■ Action item ■
Your copy begins at the line with "Cactus Prof CS-HGA626050" and runs through the end of the data below. Set down only those lines exactly, without pictures.

■ Stored records ■
= = = = =
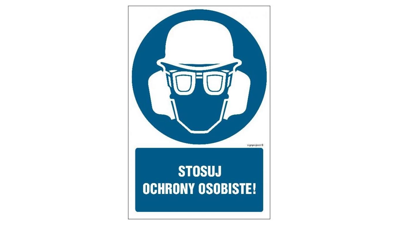 ZNAK - GL052 Stosuj ochrony osobiste! 30 x 45 cm FN - Folia samoprzylepna
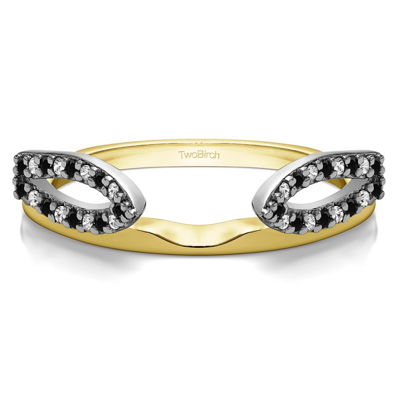 This ring wrap has 34 round, prong set stones with a total combined weight of 0.25 carats. It has a total width of 1.8 millimeters and is specifically designed to fit with a cathedral style engagement ring. This ring wrap is made to fit a round solitaire from 0.75 carat up to 1.25 carat, or a marquise solitaire from 1 carat up to 1.5 carat, or a princess solitaire from 0.75 carat up to 1 carat.
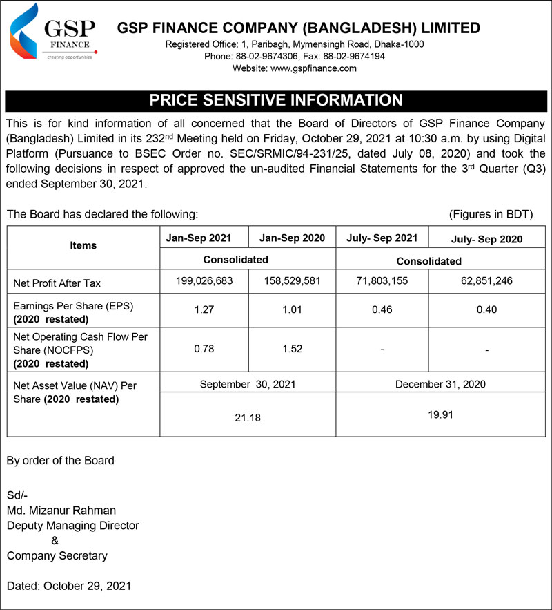 Price Sensitive Information of GSP Finance Company (Bangladesh) Limited
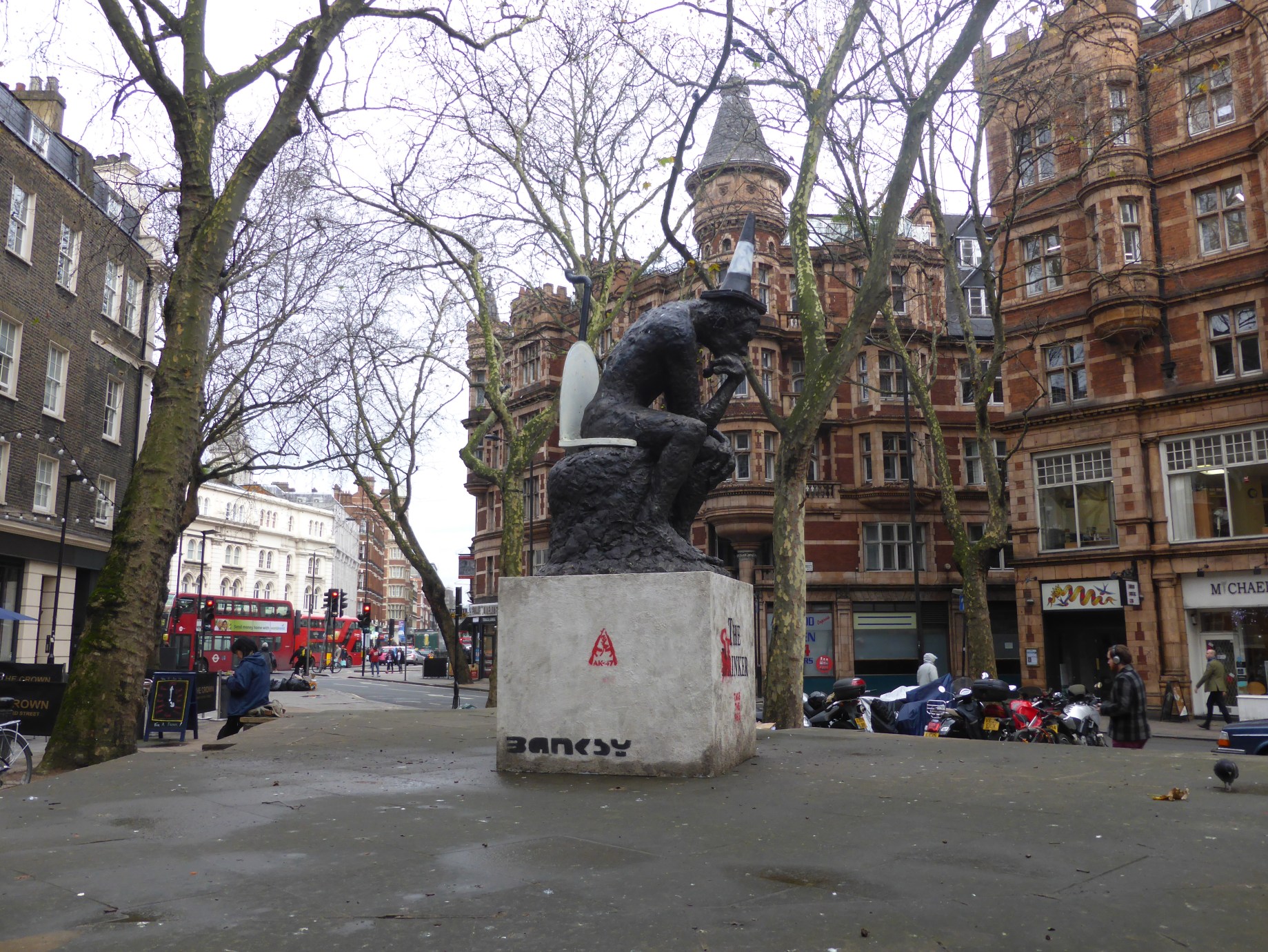 Originally placed up in a Shaftesbury Avenue in a little square adjacent the Shaftesbury Theatre in 2004, the statues lifespan was cut short when it was stolen by artist AK47, following a feud he had with Banksy over an unsigned print he had purchased. In response to Banksy’s refusal to sign said print AK47 decided to take revenge by stealing ‘The Drinker’ which was subject to an illegal placing in the first place, resulting in no one reporting the crime, and unsuccessfully holding it ransom.
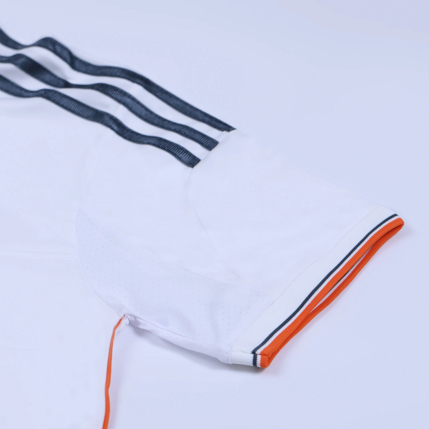 The collar and sleeve trims are designed in a combination of white, orange, and grey, further emphasizing the innovative approach taken by adidas for this season’s kit. Additionally, the shirt is made using adidas’ Climacool technology, which helps players manage their body temperature during matches, adding a functional aspect to its modern feel.
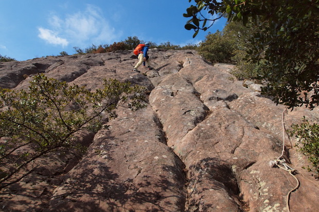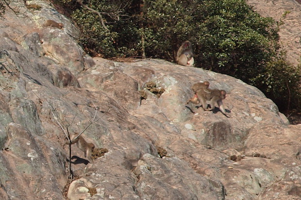 直前までニホンザルが日向ぼっこしていた岩場を登っていく。
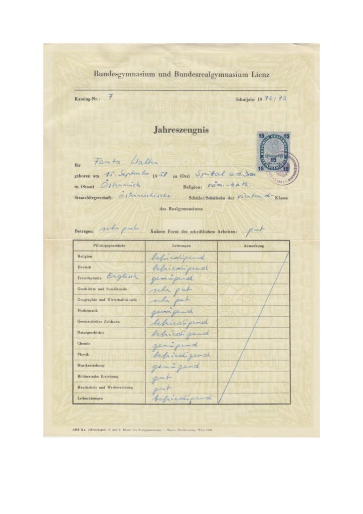 Dieses Foto dürfte aus der vierten Klasse stammen, von links nach recht: Gerald Kuenz, Klaus Ott, Walter Fanta, Werner Erlsbacher, Alois Rainer
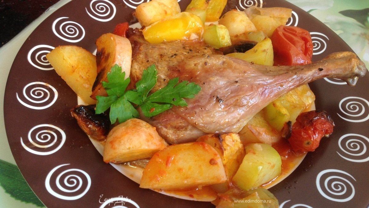 Сверху выложите утиные ножки. Готовьте в духовке 45-50 минут. - Шаг 9
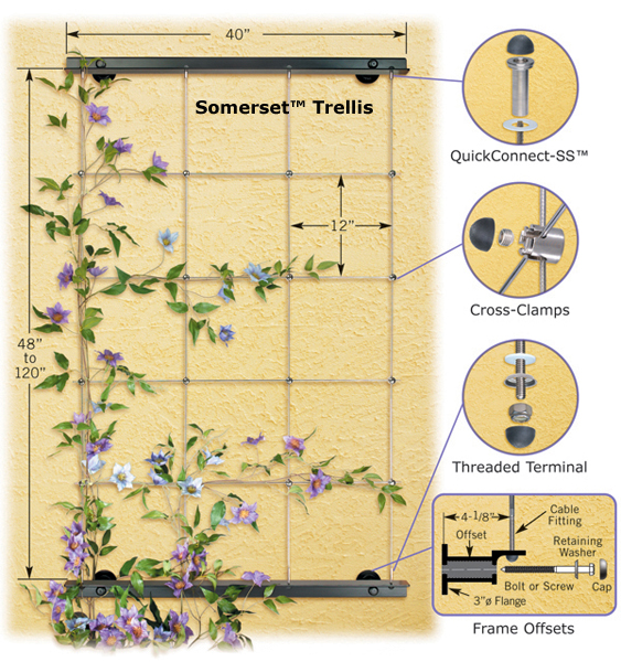 The Somerset™ trellis is designed for mounting on vertical surfaces. It’s an all inclusive trellis kit that’s available in seven standard height packages (from 4 ft to 10 ft; 1 ft increments) with cables that can be field trimmed to your exact height requirements. It consists of powder coated aluminum angle brackets top and bottom that screw or bolt to the wall face. Four 1/8" diameter stainless steel cable assemblies are strung vertically between the brackets and secured with special, easy to use, adjustable QuickConnect-SS™ and Threaded Terminal cable fittings. The 1/8" diameter stainless steel rods are then attached to the cables horizontally using special Cross-Clamps with locking set screws.
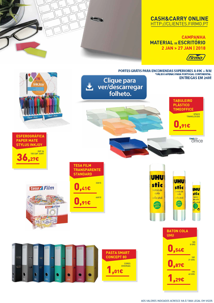 Assunto: Folheto MATERIAL DE ESCRITÓRIO - Janeiro 2018 - Cash&Carry Online FIRMO | Aceda já!
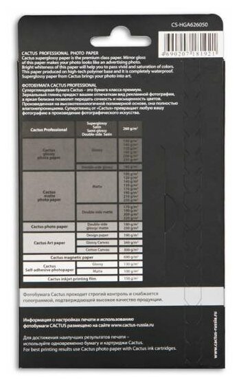 Cactus Prof CS-HGA626050 — глянцевая фотобумага формата 10х15 см для струйной печати.
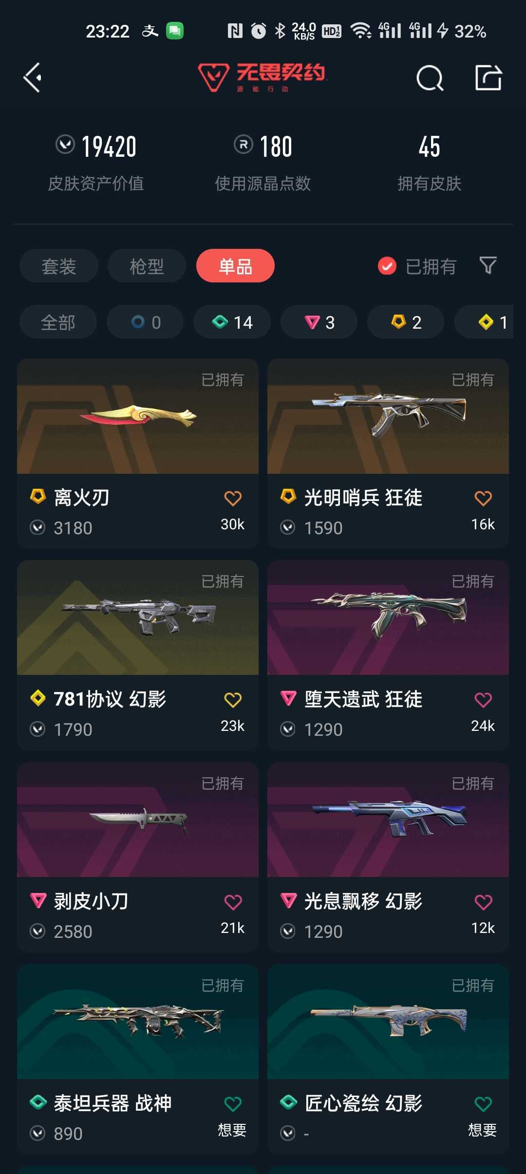 观察期离火刃⚡剥皮小刀⚡光明哨兵狂徒⚡堕天遗武狂徒⚡781幻影⚡光息漂移幻影⚡特效全满
= = = = =
■ Written reply ■
 Cactus Prof CS-HGA626050 — глянцевая фотобумага формата 10х15 см для струйной печати.
 观察期离火刃⚡剥皮小刀⚡光明哨兵狂徒⚡堕天遗武狂徒⚡781幻影⚡光息漂移幻影⚡特效全满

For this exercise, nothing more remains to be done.